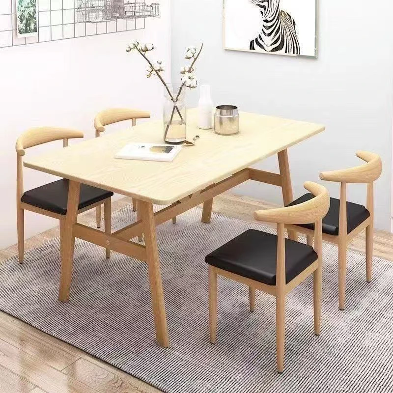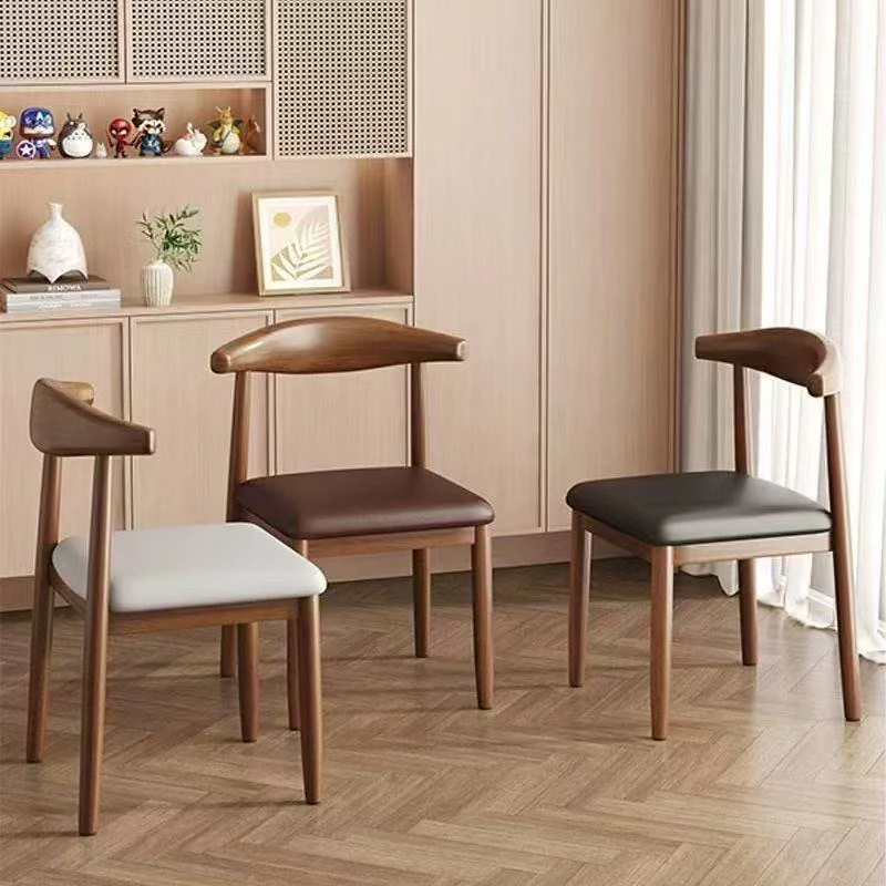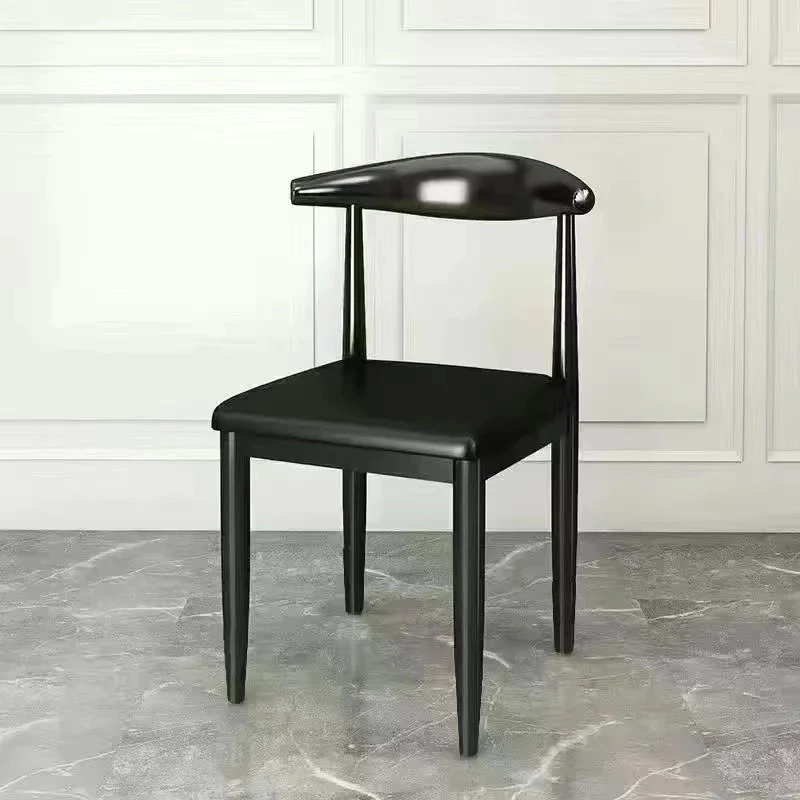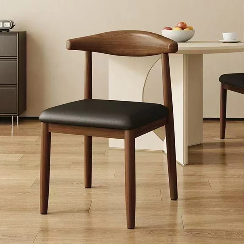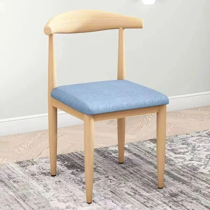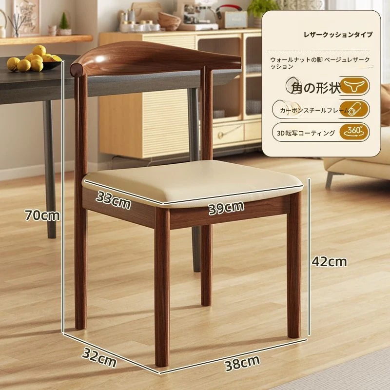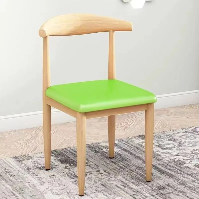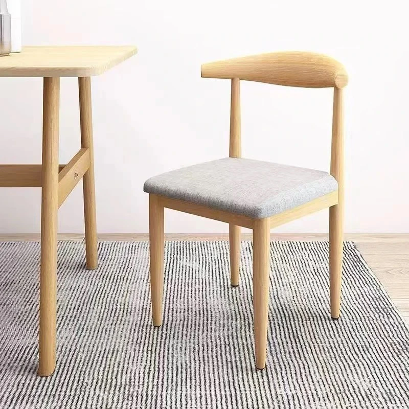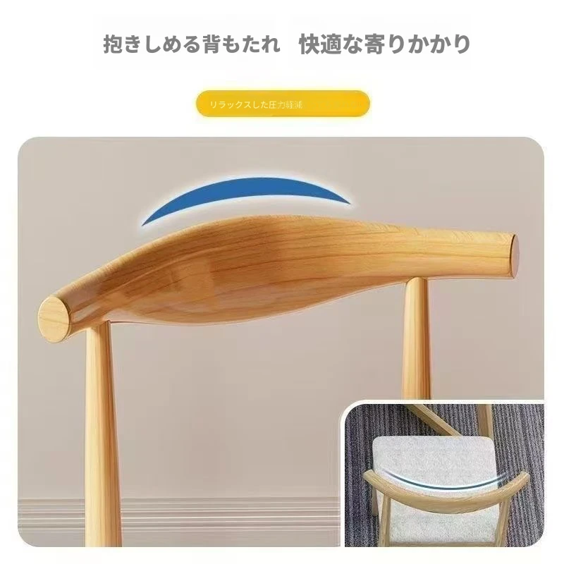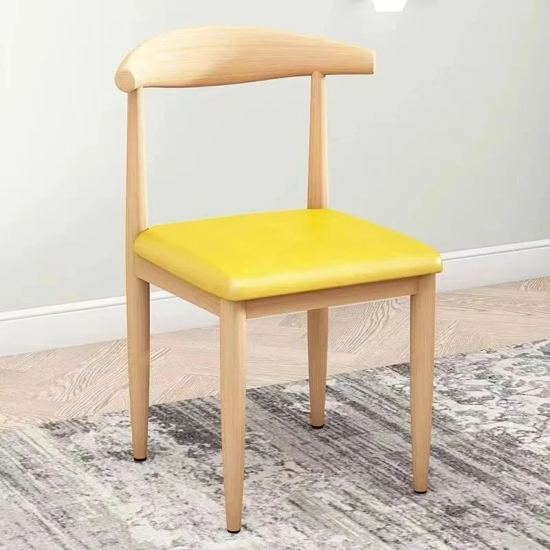 北欧風モダンデザインのダイニングチェア|シンプルでおしゃれな家庭用リラックスデスクチェア|背もたれ付き|木目調アイアン製|優雅なカウホーンチェア
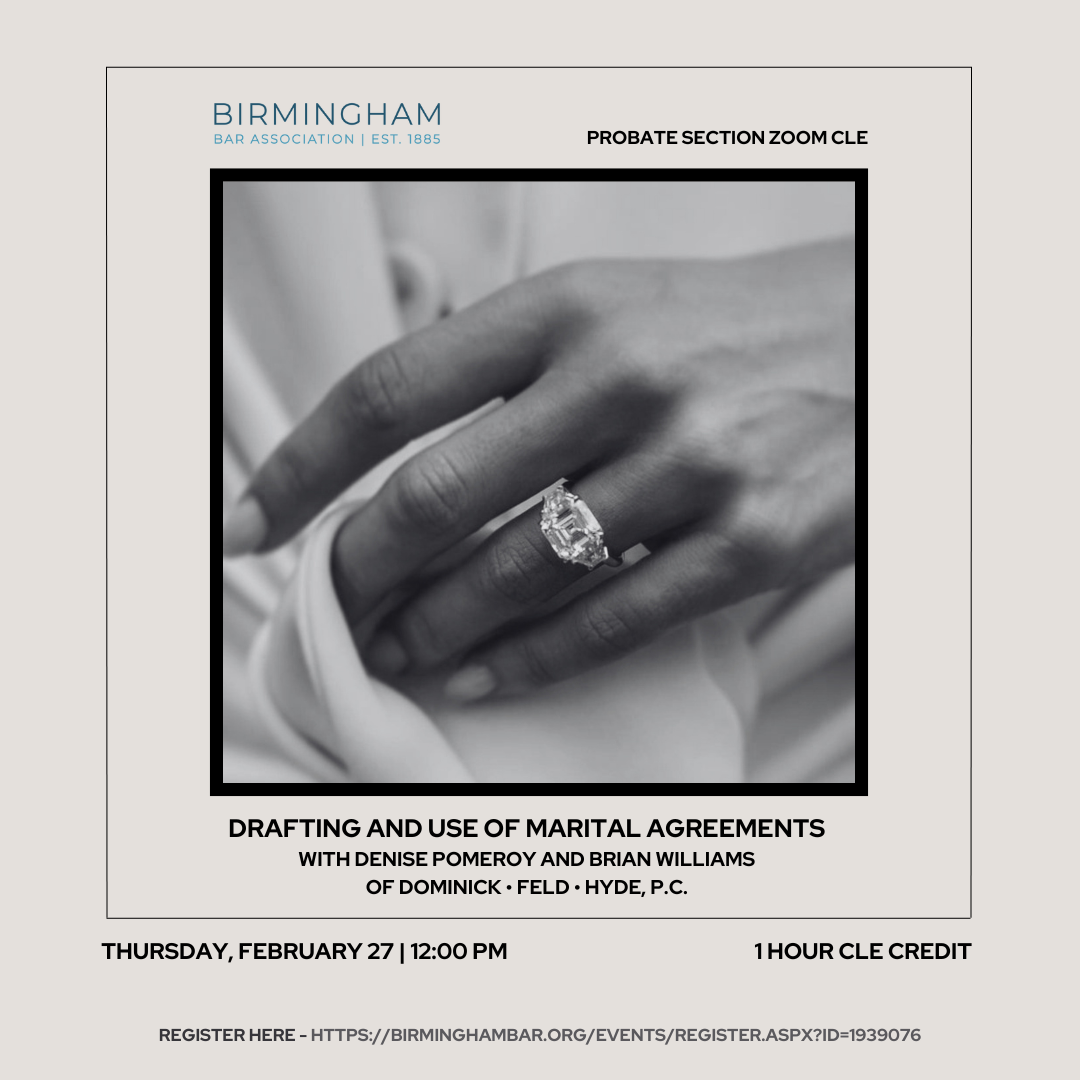 Join the Probate Section for a Zoom CLE: Drafting and Use of Marital Agreements Speakers: Denise Pomeroy and Brian Williams 1 hour CLE credit Free for section members; $30 for non-members
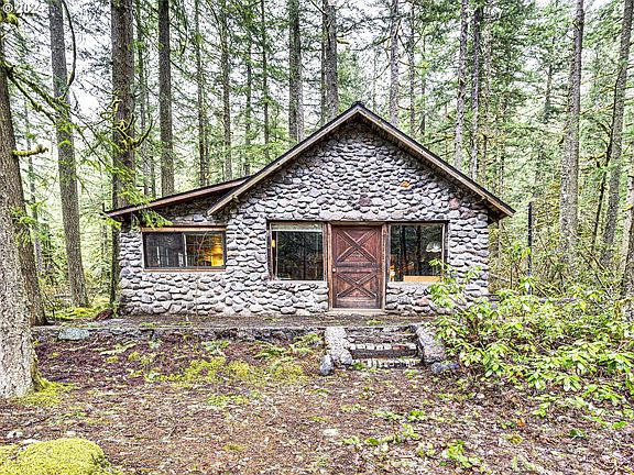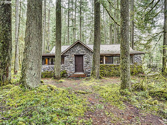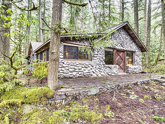 Nestled in the trees of Mt Hood, this 2-bedroom + loft, 1.5-bathroom Forest Service cabin sits along the Zig Zag River. located only 8 miles from Government Camp, 14 miles from Timberline Lodge & Ski Resort and less than an hour from PDX Airport. The lower exterior half of the cabin and wrapping all around is made of river rock to welcome the mountain vibe as you pull up, while the knotty pine walls, tongue 'n groove vaulted ceiling with open beams, and large open fireplace with hearth and mantle inside bring complete the experience. The generously sized kitchen with lots of cabinets opens to the dining area and family room. Multiple seating spaces to enjoy gatherings and an oversized Dutch door opening to the Zig Zag River. There is a deck off of the kitchen with picnic table for ease of outdoor cooking and dining. Hard to find, level space once you descend off Road 27 into the property allowing plenty of room for multiple car parking. The ornamental well feature gives an added charm. Composition roof installed in 2023. No STRs allowed.

----------

**Work item**
The whole listing is to be written out exactly; the pictures stay out of the copy.

**Answer space**
 北欧風モダンデザインのダイニングチェア|シンプルでおしゃれな家庭用リラックスデスクチェア|背もたれ付き|木目調アイアン製|優雅なカウホーンチェア
 Join the Probate Section for a Zoom CLE: Drafting and Use of Marital Agreements Speakers: Denise Pomeroy and Brian Williams 1 hour CLE credit Free for section members; $30 for non-members
 Nestled in the trees of Mt Hood, this 2-bedroom + loft, 1.5-bathroom Forest Service cabin sits along the Zig Zag River. located only 8 miles from Government Camp, 14 miles from Timberline Lodge & Ski Resort and less than an hour from PDX Airport. The lower exterior half of the cabin and wrapping all around is made of river rock to welcome the mountain vibe as you pull up, while the knotty pine walls, tongue 'n groove vaulted ceiling with open beams, and large open fireplace with hearth and mantle inside bring complete the experience. The generously sized kitchen with lots of cabinets opens to the dining area and family room. Multiple seating spaces to enjoy gatherings and an oversized Dutch door opening to the Zig Zag River. There is a deck off of the kitchen with picnic table for ease of outdoor cooking and dining. Hard to find, level space once you descend off Road 27 into the property allowing plenty of room for multiple car parking. The ornamental well feature gives an added charm. Composition roof installed in 2023. No STRs allowed.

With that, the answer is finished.